有無を言わせぬアスカの迫力にコクコクと壊れた人形の様にうなずく事しか出来ない。
こと事務仕事となれば、アスカの手腕には敵わない事は重々承知している。
故にロスウィードは初手の逃走に失敗した時点で、アスカに逆らうと言う選択肢を放棄し、全力で仕事にかかる事とした。




ーーーーーーーーーーーー




「おわっっっっっったぁ!ありがとう二人とも!すぐに報告して来るね!」

騒々しく部屋を飛び出して行くミャジをグッタリと二人で見送る。
あらゆる部署から人手と物資をかき集め、何とか全てを終えたのは、とっぷりと日が暮れた夜だった。

「お腹・・・空きました・・・」

切なげにお腹が鳴く。結局携帯食料を食べてから、何も口にしていないのだから当然である。
らしくも無く執務机に突っ伏するアスカの前に、ロスウィードは皿を一つ置く。
軽い音に顔を上げたアスカの視界に飛び込んできたのは、タップリとクリームの乗ったプリンだった。

「ロスウィード!?こ、これは!?」
「なに、どうせこんな時間になるだろうと思ってな。走り回ってる間にクレアに頼んで作って貰っておいた。」

童女のように目を輝かせ、添えられたスプーンを手に取るアスカ。スプーンで突けば、柔らかい弾力が艶やかな表面から伝わる。
掬い上げて口へ運べば、滑らかな舌触りとクリームの甘さがアスカの口いっぱいに広がる。

「・・・はぁ~・・・美味しいです。」

じっくりとその甘さを楽しんだ後に、つるりと喉越しを楽しみ、ゆっくりと息を吐く。

「それは良かった。新作じゃ無くて悪いが、今日は特に助かったからな。」

心底幸せそうに食べ続けるアスカに、ロスウィードは安心した様に笑う。
アスカの好物であることは知っていたが、ここまで喜んで貰えれば贈った冥利に尽きると言う物だろう・・・作ったのはクレア【彼のコンシェルジュ】だが。

「しかし、今日は慌ただしくなりましたね。」
「ああ。補給課の連中め・・・体良く使いやがって・・・」

今に覚えていろと言わんばかりのロスウィードの言動にアスカも今日ばかりは大きく頷く。

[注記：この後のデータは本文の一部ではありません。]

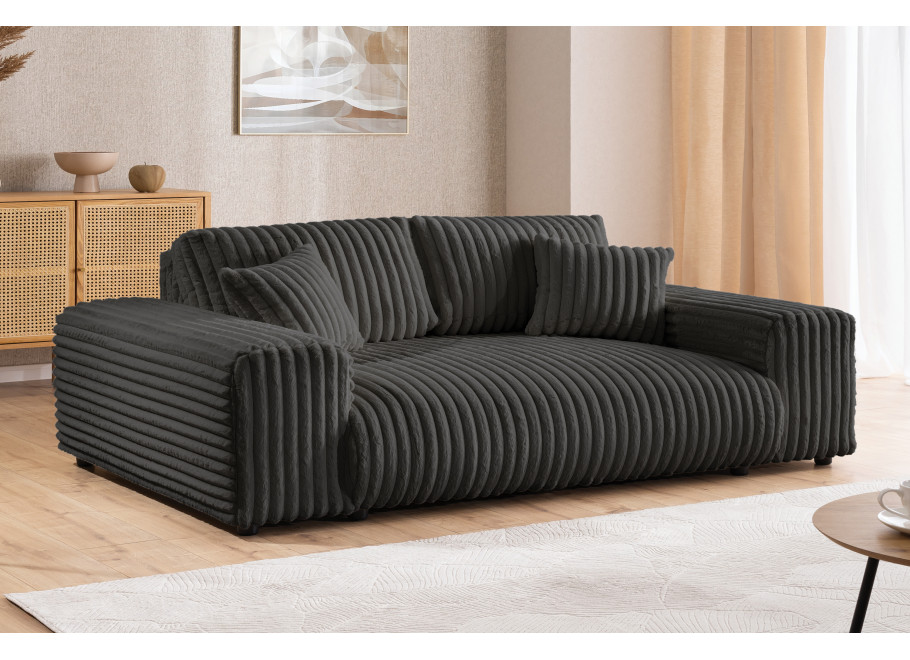 Dzięki kompaktowym rozmiarom świetnie sprawdzi się w mniejszych pomieszczeniach, takich jak salon czy sypialnia, zapewniając komfortowy wypoczynek dla trzech osób.

「そうですね・・・さっきのサーカス団用の物資調達、全部彼らの管轄に投げちゃいましょうか。」
「ハッハッハ!それは良いな!サーカス団には恩を売れる。私達は意趣返しが出来る。一石二鳥だ。」

冒険者達の突飛な要求に慌てる彼等の様子が容易に想像出来る。
悪戯に胸が高鳴る子供の様に、アスカは笑う。
その笑顔のまま、再びプリンを口に頬張る。



とろけるプリンは、少しだけ刺激的な味がした。